Making differential equation models in Stan more computationally efficient via some analytic integration

We were having a conversation about differential equation models in pharmacometrics, in particular how to do efficient computation when fitting models for dosing, and Sebastian Weber pointed to this Stancon presentation that included a single-dose model.

Sebastian wrote:

Multiple doses lead to a quick explosion of the Stan codes – so things get a bit involved from the coding side.

– In practical applications I [Sebastian] would by now try to integrate over the dosing events. This allows you to avoid making the initials being vars such that you can a lot of speed. The trick is to make the ODE integrate “see” the dosing events and prevent the integrator to step over it. The cheap hack to do that is to insert a few observation points around the dosing event. This will make the integrator stop at the dosing time and make it realize that there are sudden changes in one of the compartments. This is not really clean, but CVODES handles it well and sundials even documents this technique as one way to handle it.

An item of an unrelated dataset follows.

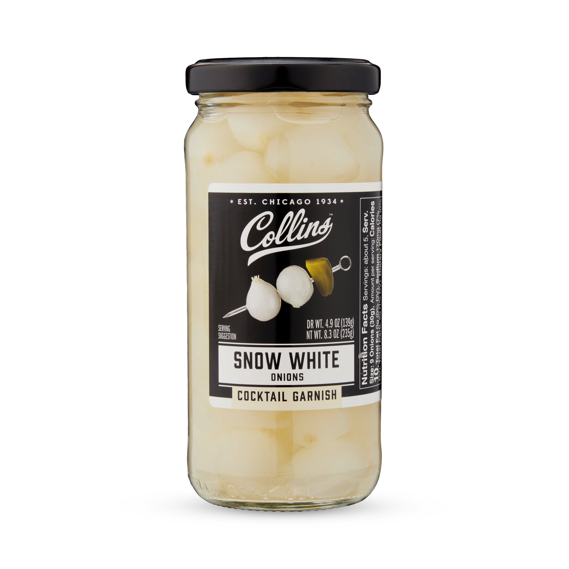 A signature garnish of the Gibson, Bloody Marys, or any other classic cocktail that calls for an onion, these pickled white onions are silvery white in color and mildly sweet in taste. They are also one of the best garnishes for classic cocktails, like the Gibson. Pickled in vinegar, Collins Snow White Onions are the perfect finishing touch to cocktails and other drinks.

– I think we should one more time try the adjoint stuff. As we are about to get closures in Stan it should be straightforward to give to the integrator in Stan a log-prob function along with the ODE stuff. Once we have that, then we should be able to create something which is a lot faster than what we have now.

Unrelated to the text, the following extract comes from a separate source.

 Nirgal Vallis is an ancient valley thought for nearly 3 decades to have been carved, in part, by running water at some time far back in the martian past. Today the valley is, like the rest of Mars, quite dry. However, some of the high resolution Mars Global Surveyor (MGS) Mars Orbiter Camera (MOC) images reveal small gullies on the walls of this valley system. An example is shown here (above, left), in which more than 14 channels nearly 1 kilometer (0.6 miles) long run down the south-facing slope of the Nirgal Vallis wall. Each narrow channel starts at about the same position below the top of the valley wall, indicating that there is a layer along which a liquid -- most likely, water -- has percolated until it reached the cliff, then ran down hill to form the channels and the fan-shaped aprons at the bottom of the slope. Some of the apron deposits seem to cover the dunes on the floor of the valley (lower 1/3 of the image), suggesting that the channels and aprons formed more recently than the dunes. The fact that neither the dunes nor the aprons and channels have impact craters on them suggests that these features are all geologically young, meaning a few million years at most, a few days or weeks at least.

– Last time you tried the adjoint stuff your profiling showed that std::vector did stand out. This is because our AD system is darn slow to get the Jacobian of the ODE RHS. We should instead use an analytic derivative here – not sure how to automatically generate it ATM, but you get 2-3x speedups on the existing ODE system when you do that (and I have code around which does the automatic generation of the symbolic Jacobian…but this code is a well working prototype, not more)… hopefully the OCAML parser can churn these algebraic derivatives out.

– The other thing to explore is sparsity in the ODE RHS. Many ODE systems have a banded structure. One way to get this structural information is by specifying a chemical reaction network. Have a look at the dMod package on CRAN. The cool thing about knowing the sparistiy is that we don’t waste so much on derivative anyway not needed as they are constant and the ODE integrator can work more efficiently during the Newton iterations.

He continued:

Whenever we have long observation times of patients we usually follow a very regular administration pattern. As the dosing compartement often follows a first-order eliminiation scheme you can drastically simplify things. These first order elimination compartements have analytic solutions and for regular dosing patterns you can use the geometric series to sum up an arbitrary number of dosings very quickly. As a result you would just use the solution of the dosing compartment as a forcing function to the rest of the ODE system. This way you integrate out one state and you speedup a lot all the calculations.

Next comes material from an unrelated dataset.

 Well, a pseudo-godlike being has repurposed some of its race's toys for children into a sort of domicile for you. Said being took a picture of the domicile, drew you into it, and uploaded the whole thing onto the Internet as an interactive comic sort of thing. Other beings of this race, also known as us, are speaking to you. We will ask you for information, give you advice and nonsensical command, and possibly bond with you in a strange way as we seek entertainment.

Moreover, in many applications where we have these long observation times, we actually don’t care so much about getting everything right. We often only have data on steady-state and as such you can simplify drastically the models used wrt to the absorbtion process.

What I am saying is that with the use of our brains we can drastically make our life easier here… now, many people still just dump huge dosing histories into these programs and then complain about long running times…

As I have been burned by performance from this I would say that I found lots of good ways of how to avoid the performance killer imposed by ODE stuff + dosing.

This reminds me of something we did many years ago, at a much simpler level, explaining how analytical and simulation methods could be combined to get inferences for small probabilities.